Address correspondence and reprint requests to Dr. K. Mikoshiba at Division of Regulation of Macromolecular Function, Institute for Protein Research, Osaka University, Yamadaoka 3-2, Suita. Osaka 565, Japan.


Abstract: Gene expression for myelin proteolipid protein (PLP) and myelin basic protein (MBP) in the dysmyelinating mutant mice shiverer and jimpy was analyzed by nuclear run-off transcription assay, in situ hybridization, and immunohistochemistry. The level of PLP transcription in shiverer brains was lower than that in controls at postnatal day 18 but relatively higher at later stages. In spite of the considerable amount of hybridization with PLP cDNA, immunoreaction for PLP was greatly reduced in shiverer mice throughout their lives, probably owing to a defect in the assembly of PLP into myelin. Abnormal deposition of PLP in oligodendroglial cell bodies suggested that transport of PLP to myelin is delayed in shiverer brains.

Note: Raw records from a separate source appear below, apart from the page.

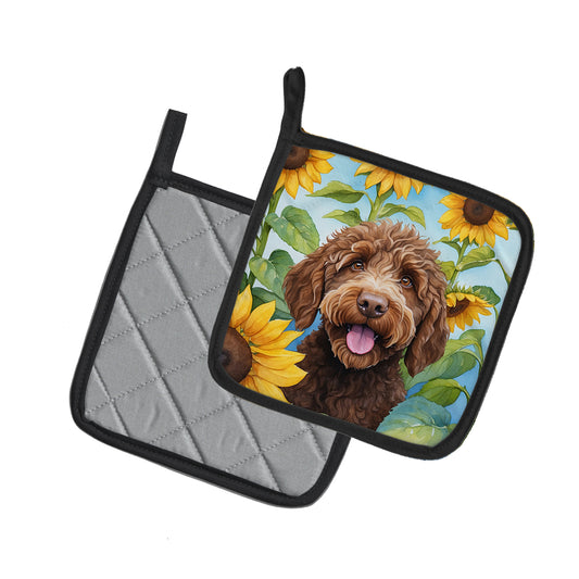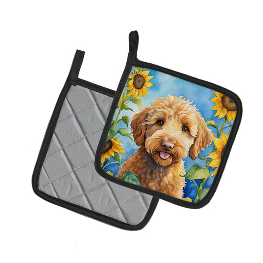 Labradoodle in Sunflowers Pair of Pot Holders
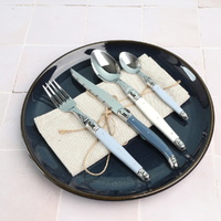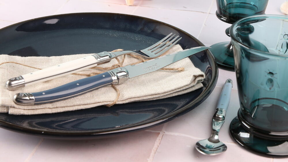 Enjoy every meal in style with this authentic 24 piece cutlery set from Jean Dubost Laguiole. This set is produced with the Maison finish, the blades stamped, ground and polished over 25 manual production stages to create a high shine effect. Made from high grade 1.2mm stainless steel. Handles are made from high impact, lightweight Acrylonitrile Butadiene Styrene (ABS) plastic ensuring durability and high mechanical strength.
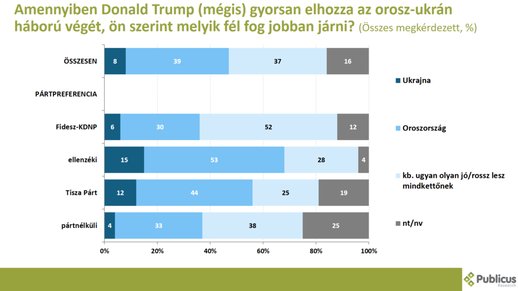 Amennyiben Donald Trump (mégis) gyorsan elhozza az orosz-ukrán háború végét, akkor tízből négy (39 százalék) válaszadó szerint Oroszország fog jobban járni. Így gondolja az ellenzéki szavazók többsége (53 százalék), a Tisza Párt szavazóinak 44 százaléka, a pártnélküliek 33 százaléka, illetve a Fidesz szavazók 30 százaléka.
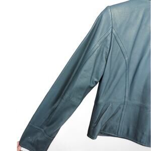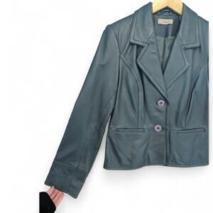 I.E. Vintage 100% Leather Blue Blazer Jacket Size M
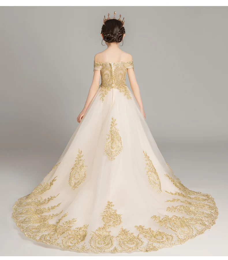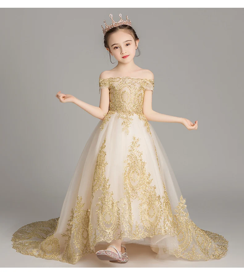 Свадебное платье для девочки, с открытыми плечами, с золотыми блестками, кружевное детское платье для первого причастия, детское платье для крещения, пышное платье, платья в цветочек для девочки
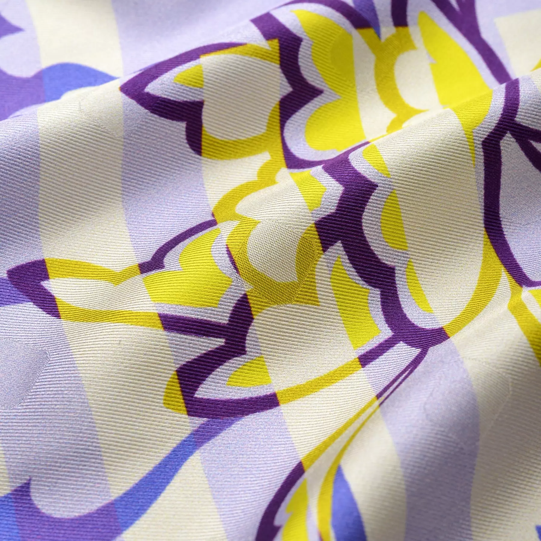 千總の紋にもある八角形を織り込んだスカーフのためのオリジナルの生地を開発。やわらかな風合いと上品な艶が、手で触るだけでも幸せな気持ちにさせてくれます。
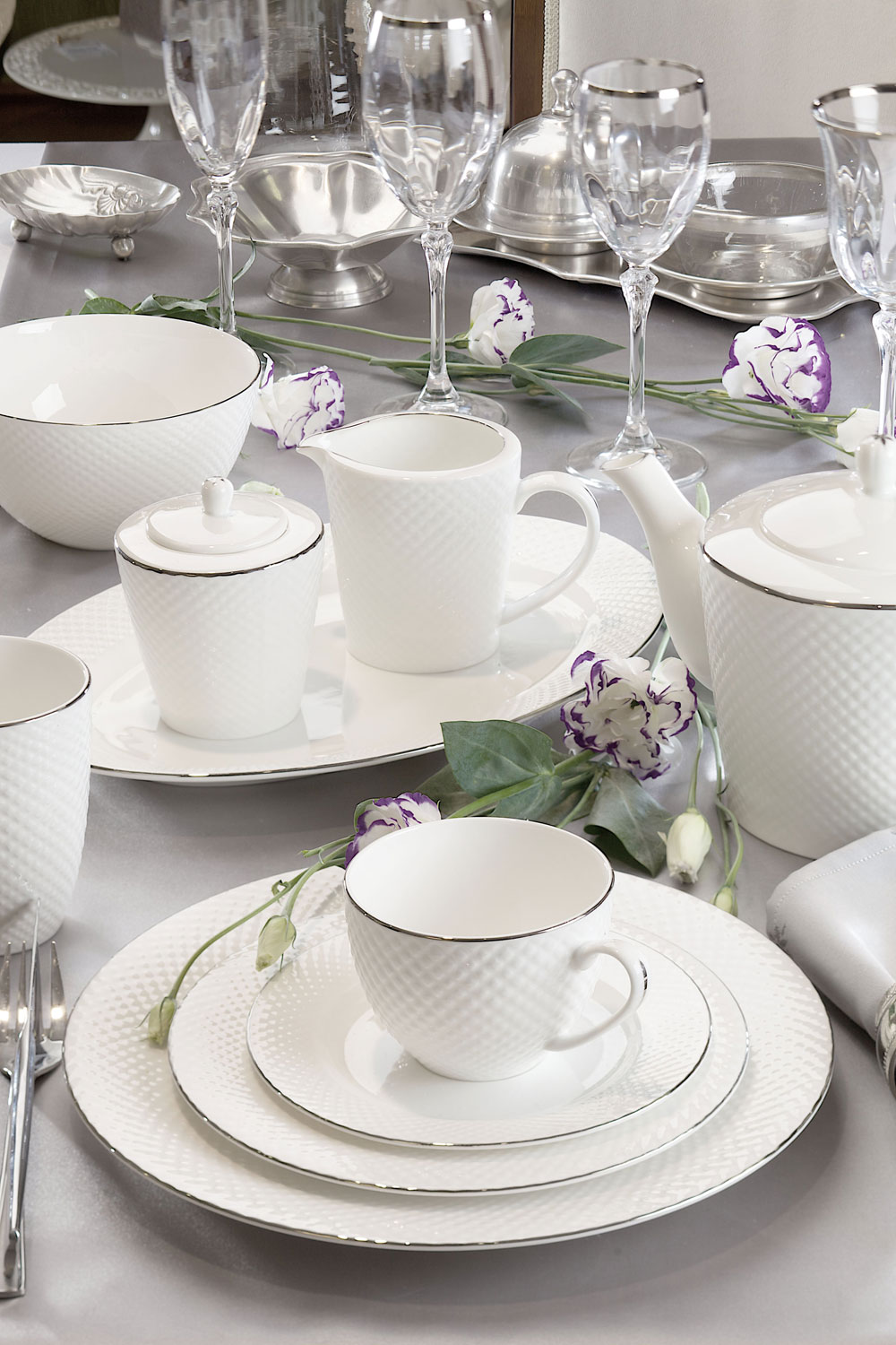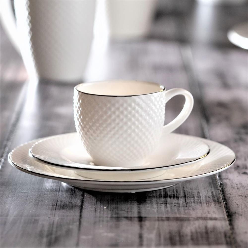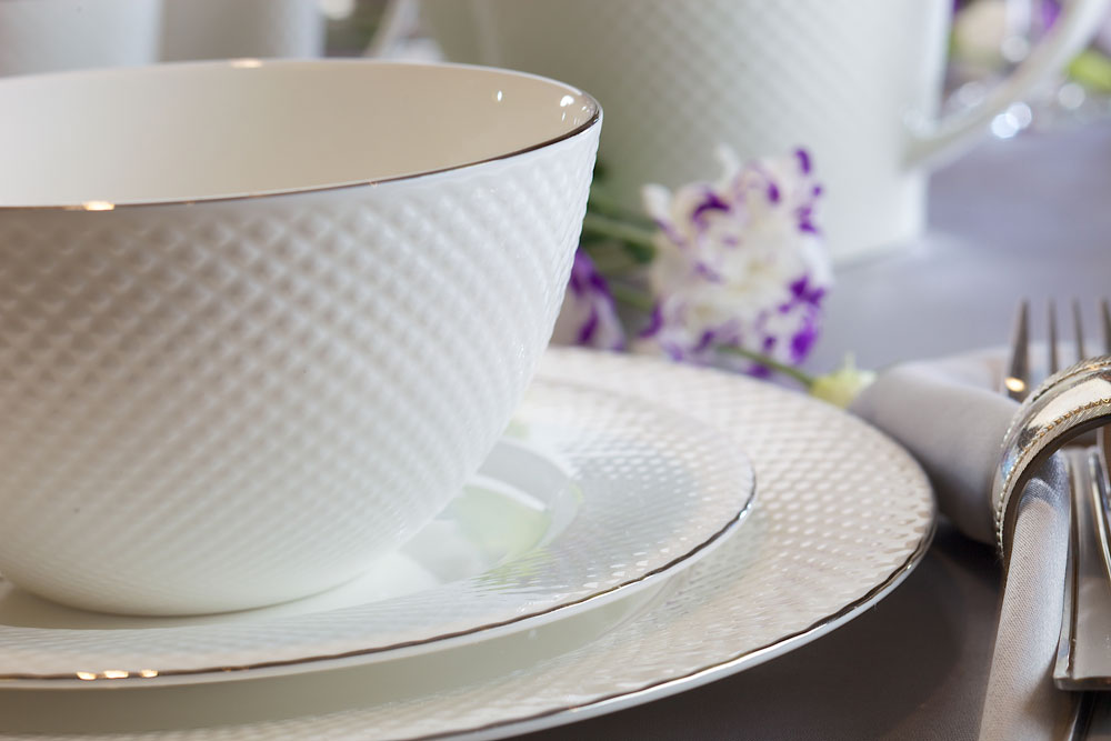 Bari Platin to niezwykle elegancka kolekcja, wykonana z cienkiej i delikatnej porcelany kostnej, w mlecznym odcieniu bieli. Kolekcja zachwyca ponadczasową formą, pełną lekkości i finezji. Serwis obiadowo-kawowy i pozostałe elementy kolekcji wyróżnia wyjątkowe zdobienie - strukturalny wzór na powierzchni naczyń. Platynowe linie na obrzeżach naczyń, malowane ręcznie, subtelnie podkreślają ich wyjątkowy charakter. Zastawa Bari Platin świetnie sprawdzi się zarówno w klasycznych jak i nowoczesnych wnętrzach, a każdemu spotkaniu przy wspólnym stole nada niezwykłą oprawę.
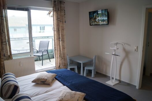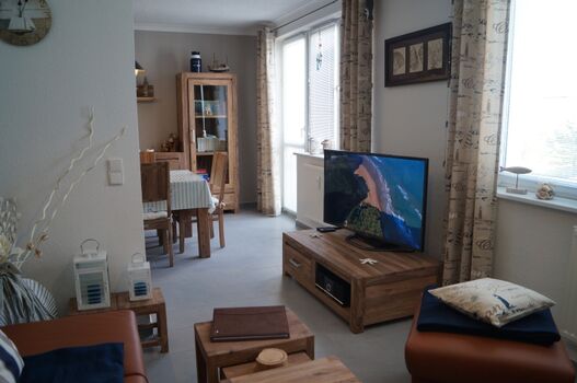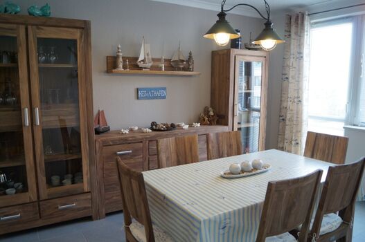 Ferienwohnung Heimathafen: max. 6 Personen + 1 Kleinkind bis zum 3. LJ, 2 Hunde, 200 m zum Strand, 100 m zum Wald, 1 Wohn- / Esszimmer, 2 SZ (SZ groß = 180 X 200, SZ klein = 2X je 80 X 200), 1 KÜ, 1 Bad, 1 Gäste-WC, Balkon

The number of oligodendrocytes expressing PLP mRNA was drastically reduced in jimpy mice. MBP mRNA in jimpy mice is localized preferentially in oligodendroglial cell bodies, a result suggesting that oligodendrocytes in jimpy are mostly the immature type. Although transcriptional activity of the MBP gene in jimpy was greatly reduced, a finding reflecting the decrease in the number of mature oligodendrocytes, that of the PLP gene remained high at early stages. The discrepancy of the two gene expressions is discussed relative to the role of PLP transcripts at early stages of myelination.